Which leads to the crux of APRA’s day-to-day purpose – is Australia’s financial system regulator therefore skewered in a trade-off between stability and competition?

“I don’t hold that to be the case and APRA doesn’t hold that to be the case, what we’re really after is sustainable competition. That means financially strong competitors who will be there through good times and bad, through the entire financial cycle," he explained.
 

Good times business model

According to Byres, one of the lessons from the financial crisis was the deleterious impact on the financial system of entrants with a “good times business model” – those that proved competitive when times were good, but when times were averse their business model didn’t work.

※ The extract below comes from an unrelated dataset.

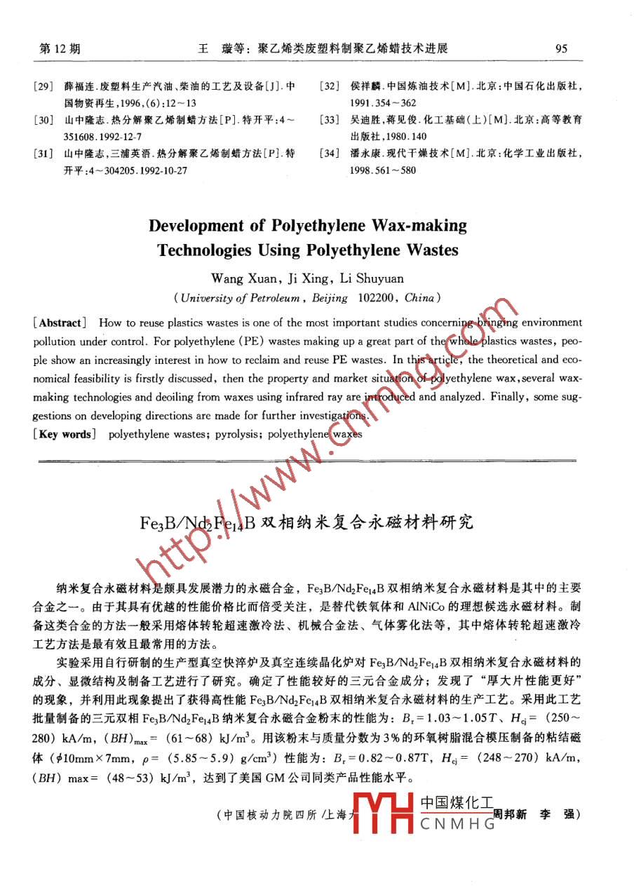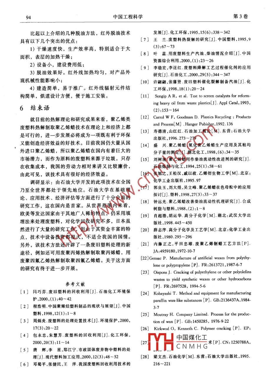 2001年12月中國工程科學(xué)Dec.2001第3卷第12期Engineering Science _Vol.3 No.12綜合述評聚乙烯類廢塑料制聚乙烯蠟技術(shù)進展王璇,冀星,李術(shù)元(石油大學(xué)化工學(xué)院,北京102200)[摘要]廢舊塑料的回收利用是近年來治理環(huán)境污染的一個重要課題。廢聚乙烯(PE) 在塑料垃圾中占有很大的比例,如何對其進行合理的回收、利用已成為人們十分關(guān)心的問題。從理論和經(jīng)濟兩方面分析了廢聚乙烯裂解制取聚乙烯蠟技術(shù)的可行性,介紹了棗乙烯蠟的性能及市場情況,分析比較了幾種有代表性的制蠟工藝,綜合評價了這些工藝技術(shù)的應(yīng)用范圍和優(yōu)缺點。還簡要介紹了紅外脫油技術(shù),并對該技術(shù)的研究和應(yīng)用方向提出了一些建議。[關(guān)鍵詞]聚乙烯類廢塑料;熱解;聚乙烯蠟化學(xué)回收是將高分子化合物經(jīng)熱解或催化裂引言解,制成小分子的化合物[1,主要有產(chǎn)氣技術(shù)[7],近年來,塑料的產(chǎn)量和用量逐漸增加,目前全產(chǎn)油技術(shù)和產(chǎn)蠟技術(shù),均有專利報導(dǎo)。對廢塑料的世界總產(chǎn)量已超過1X108t。我國的塑料工業(yè)在80油化研究開展較早,目前已經(jīng)基本成熟,并在某些年代后開始飛速發(fā)展,年產(chǎn)量以近20%的速度增國家實現(xiàn)了工業(yè)化。該技術(shù)可用于處理混合熱塑性長[1]。到1995年我國塑料生產(chǎn)量已達994X 10* t,廢塑料,具有較好的經(jīng)濟效益。廢塑料油化的工藝成為世界塑料制品生產(chǎn)大國(2]。2000年塑料產(chǎn)量主要有:熱解工藝、催化裂解工藝以及兩者結(jié)合的估計達到10 Mt,而且每年還會進口不少塑料原兩段法。熱解法是直接對廢塑料進行加熱使其分解料、半制成品和制成品(3]。各種塑料產(chǎn)品的應(yīng)用的方法[8],它具有工藝簡單、設(shè)備裝置成本低的給人類的生產(chǎn)和生活帶來了極大的方便,但也因此優(yōu)點,但是得到的汽、柴油質(zhì)量不佳,僅適用于對導(dǎo)致了人類生存環(huán)境的惡化。產(chǎn)品要求不高的回收廠使用。催化裂解法是將廢塑廢塑料的回收利用方法主要有:填埋法、焚燒料與催化劑按照一定比例混合,然后送人反應(yīng)器中法、再生利用法和化學(xué)回收法。填埋法因其簡單易進行裂解的方法[9]; 兩段法是指先將廢塑料置于行,幾乎不需要成本,在很多國家得到采用,但資熱解反應(yīng)器中進行熱解,然后對裂解氣進行催化改源利用率極低[5],同時也會造成環(huán)境污染。焚燒質(zhì)[10,11]。相比較而言,前者的工藝比較簡單,但法是將廢塑料燃燒轉(zhuǎn)化為熱能的處理方法。該方法催化劑無法再生,操作成本很大,所以目前的油化可以用來處理混合廢塑料,但燃燒產(chǎn)生的氣體中含工藝基本.上采取的是兩段法。典型的工藝有日本的有致癌的二鮊英及其它有害氣體,給人類健康造成富士回收法,德國的BASF回收法等。在我國,廢危害[4.5]。再生利用法中最典型的方法是熔融再生塑料制取汽、柴油技術(shù)已經(jīng)引起了環(huán)保部門和產(chǎn)業(yè)法,再生塑料產(chǎn)品的質(zhì)量- -般比較差,而且需要對界的重視,并成為經(jīng)濟界關(guān)注的熱點。石油大學(xué)系原料進行細致的分離、篩選和清洗工作,從而增加統(tǒng)地工民了本朔判制所當(dāng)些油的理論與應(yīng)用研了工藝的復(fù)雜性[6]。究中國煤化工置的中試工作。THCNMHG[收稿日期] 2001 -04-19;修回日期2001 -07 - 10[作者簡介]王璇(1978-),女,山西運城市人,石油大學(xué)碩士研究生第12期王璇等: 聚乙烯類廢塑料制聚乙烯蠟技術(shù)進展:91廢塑料油化技術(shù)的關(guān)鍵在于生產(chǎn)出合格的汽、且潤滑性、分散性、流動性好,可以與涂料、油柴油。但因聚乙烯支鏈化程度較低,制得的汽油辛漆、油墨等配合使用,能產(chǎn)生消光、分散光和光滑烷值只能達到88,制得的柴油含蠟量較高,凝點的效果,與其他種類的蠟及其聚烯烴樹脂有良好的較低。調(diào)查顯示,廢塑料中各種品種的用量比例約相溶性。為LDPE (低密聚乙烯) :HDPE (高密聚乙烯) :1聚乙烯蠟的性能PP (聚丙烯) :PS (聚苯乙烯) :PVC (聚氯乙烯)Table 1 Property of polyethlene waxes:其它= 27:21:18:16:7:1112],其中聚乙烯的用量聚乙烯蠟軟化點/心相對分子質(zhì)量熔點心幾乎占到了一半。廢聚乙烯量大,但不適合于生產(chǎn)1號104~ 1051 350~2 000>93汽、柴油。研究表明,在一定操作條件下,由廢聚2106 ~ 1081 600~ 2200>95乙烯熱解可生產(chǎn)聚乙烯蠟。3號109~ 1121 900~2 700>971聚乙烯蠟的性能、應(yīng)用與市場供求聚乙烯蠟的用途十分廣泛,可用于油墨制造擦情況.亮蠟、高檔地板漆、高檔轎車上光蠟、橡膠脫模防聚乙烯蠟又稱為低相對分子質(zhì)量聚乙烯[13)。老化劑、紡織加工用柔軟劑、潤滑劑、聚氯乙烯制根據(jù)制造方法的不同,分為聚合型聚乙烯蠟和裂解品光亮潤滑劑、脫模劑、熱熔膠粘劑、用于提高紙型聚乙烯蠟兩種。前者是聚乙烯聚合時的副產(chǎn)物,張涂料光澤度和持久度、用于電纜填充劑、電纜色后者由聚乙烯樹脂加熱裂解而成[14]。聚合型聚乙母料添加劑、紙板涂料、玻璃瓶涂料、熱融粘合烯蠟的產(chǎn)量在1994年就達1 kt左右(15],近年來隨劑、特種工藝蠟燭等[13]。質(zhì)量好的聚乙烯微粉蠟著聚乙烯產(chǎn)量的增加其產(chǎn)量也隨之增長。目前市場還可用于化妝品和個人

The result, he said, was more undirected concentration in the financial system that "will take many years to unwind".

”Our starting proposition when it comes to competition is do no harm. Achieve prudential outcomes, without hindering competition in anyway."

Byres said the lesson here is that “competition is not an end in itself, it’s a way of delivering benefit to the community”.

"If you think about the financial system some of the big competitive shifts are coming from new entrants, sometimes people outside the regtulated sector have an impact – the case study is Aussie Home loans which changed the value the community got from mortgages," he said, adding that ING has emerged as a low cost, simple value competitor that is now the sixth or seventh biggest bank in the country.

"Facilitating these new entrants to disrupt is important. The challenge is to get the balance right," he said. "We allow people into the financial system, we're allowing them to get hold of the money of my mother and your family members ... my sense of the Australian community is they’re very keen, they have an appetite for new technology and new services, but no appetite for risk.

"So we have to strike a balance without putting uninformed investors in particular at risk."